Several Pete's Harbor residents pulled up anchor by Tuesday to meet an eviction date while approximately 20 remained past the midnight deadline either to protest or because they'd received an extension on leaving.
The refusal of some tenants to vacate the premises will most likely set course for court. Seven of the tenants can't move their boats due to engine problems, said spokeswoman Alison Madden. Some tenants were also given more time to make arrangements if they had mechanical issues or could not yet move into their planned new location.
An appeal is still pending before the City Council at the end of the month but, despite that possible outcome, the eviction by owner Paula Uccelli still stands, said spokesman Adam Alberti.
"The date stands regardless.

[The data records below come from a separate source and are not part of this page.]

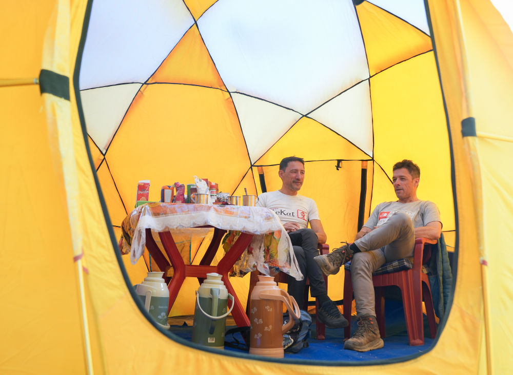 在珠峰登山大本營(yíng),德諾埃爾兄弟在帳篷里聊天休息(5月17日攝)。新華社記者 丁汀 攝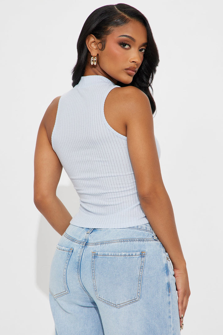 Available In Black, Blue, Cream, Ivory And Olive. | Rib Tank | Mock Neck | Stretch | Imported | 67% Polyester 31% Rayon 2% Spandex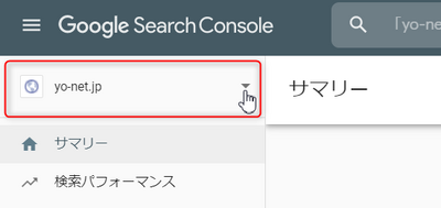 1.Google Search Consoleの左上当たりのところにある部分をクリック。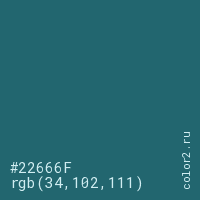 Цвет #22666F в цветовой модели RGB обозначается тремя октетами (34, 102, 111) в десятичном формате и #22666F в шестнадцатиричном (hex) формате, которые являются интенсивностью красного 34 (hex 22), интенсивность зелёного 102 (hex 66) и интенсивность синего 111 (hex 6F).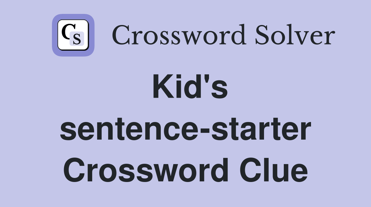 Kid s sentence starter Crossword Clue Answers Crossword Solver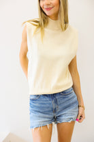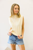 Off White Sleeveless Mock Neck Sweater - Elan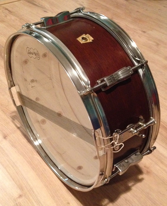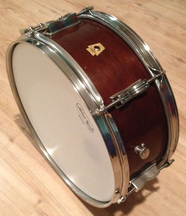For sale is a Vintage 1961 Ludwig 5x14 Pioneer Snare in Mahogany with nickel hardware and nickel over brass hoops. Shell is in-round with clean, original edges. Pre-serial keystone badge and black date stamp of DEC 28, 1961. New Ludwig heads. Some scuffs in finish. Lug mounting screws don't appear original. Overall, a nice snare!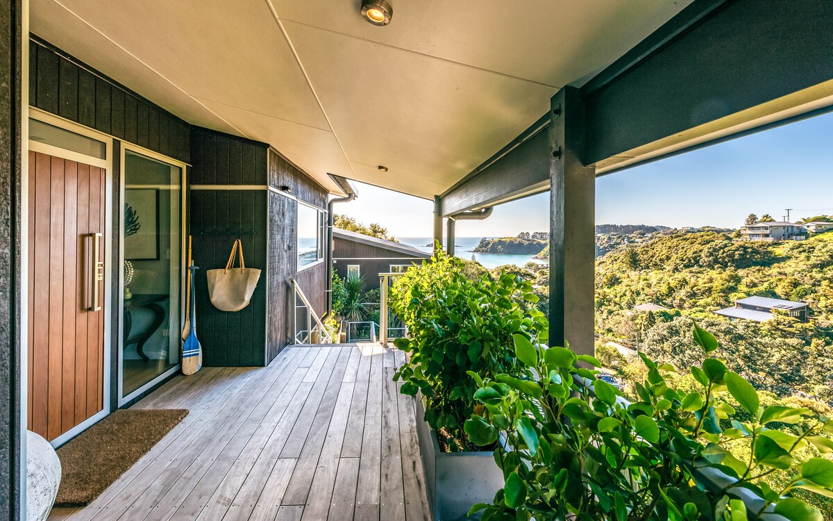 Mai Mai Mai je elegantno in zasebno zatočišče za romantičen oddih ali počitnice s prijatelji. To novo arhitekturno zasnovano prenočišče sprejme 4 goste in je popolnoma umeščeno med vrvežem Oneroe in plažami Onetangija za dostop do vsega, kar ponuja Waiheke. Sprostite se ob kozarcu vina na širni terasi z razgledom, plavajte v Rocky Bayu, uživajte v degustaciji vinogradov Stoneyridge in Tantalus vse iz tega zasebnega skrivališča.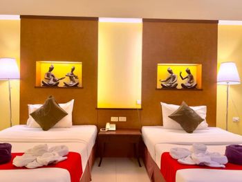 Отдыхаю в этом отеле не первый раз. Всё как всегда на уровне. "Цена-качество" До пляжа неспешным шагом 10-12 минут. Вся инфраструктура в шаговой доступности. Номера немного староватые. Но учитывая цену на это можно закрыть глаза. Так что отель для непритязательных путешественников без детей, так как район Сои Букхао говорит сам за себя. Завтраки в отеле приличные всего хватало. Не для гурманов конечно но повторюсь ещё раз это не Hilton При отъезде немного огорчил штраф за пляжные полотенца, которые мы должны были оставить в комнате , а не отдавать "румбою", а времени доказывать правоту совсем не было т к такси уже ожидало на ресепшн. Поэтому будьте внимательны и оставляйте перед отъездом все в комнате и не повторяйте нашу ошибку. И ещё лучше селиться во второй или третий корпус так как у первого корпуса пристроили go-go bar и поэтому в номерах выходящих окнами в сторону улицы может быть шумно.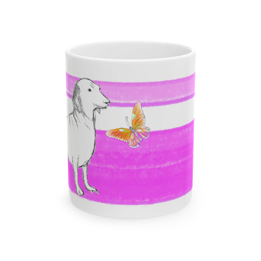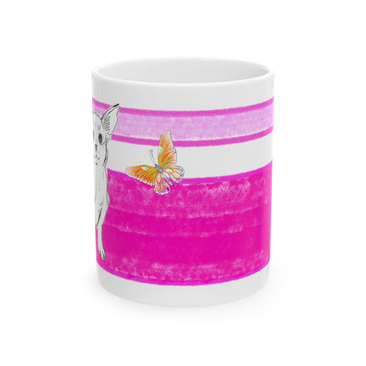 Mega Stripe Dogi Butterfly Flutter Ceramic Mug, (11oz, 15oz), Raspberry Pink Chihuahua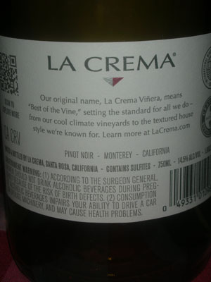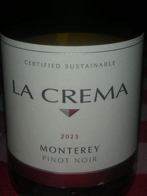(date entered Apr.9, 2025) This, 2023 bottled, Pinot Noir is a lower end of La Crema. Still, it is a good wine with dinner of chicken or fish, even Steakies! You can get it around $10 if you look hard.

In essence, Paula is going out of business as a harbor operator,” he said.
On Tuesday, the actual eviction date, Alberti announced that Pete's Harbor staff were available to ease any transition or answer questions. A few Occupy Redwood City members had arrived to bolster the tenants who had dug their heels in the sand but the situation was otherwise civil, he said.
An inquiry to the Occupy group for confirmation went unanswered.
As of late Tuesday, Alberti said Uccelli was still hopeful to have the tenants leave because going to court would end up being more time consuming and their presence was stalling the restoration and maintenance she must do to the piers before transferring the lease to developer Pauls Corp. which plans a 411-unit waterfront housing development.
On Wednesday, Madden said 20 boats with approximately 25 people remained, including the seven with engine problems. The others, she said, include a disabled and retired elderly man, a veteran who needs access to the Veterans Administration medical facility and a mother whose kids are enrolled in local schools.
Six to 10 slips fall outside the area of Uccelli's lease so some tenants there are staying, too, Madden said.
Last week, a judge denied a temporary restraining order request but the group is still hopeful about a lawsuit claiming that Uccelli didn't have the right to evict them because she doesn't have permission from the state commission from which she leases the land. The suit claims the land is required to be operated as a commercial marina and harbor which Uccelli's plans do not include so she is therefore in breach.
Uccelli's representatives counter the transfer should be allowed because she paid $409,253.24 for 18 years of back rent and interest to the State Lands Commission which paves the way for the lease transfer.
The battle between Uccelli and the tenants began last fall when she alerted them of development plans and the Jan. 15 eviction date for those living at the 60-year-old marina founded by her late husband, Pete Uccelli.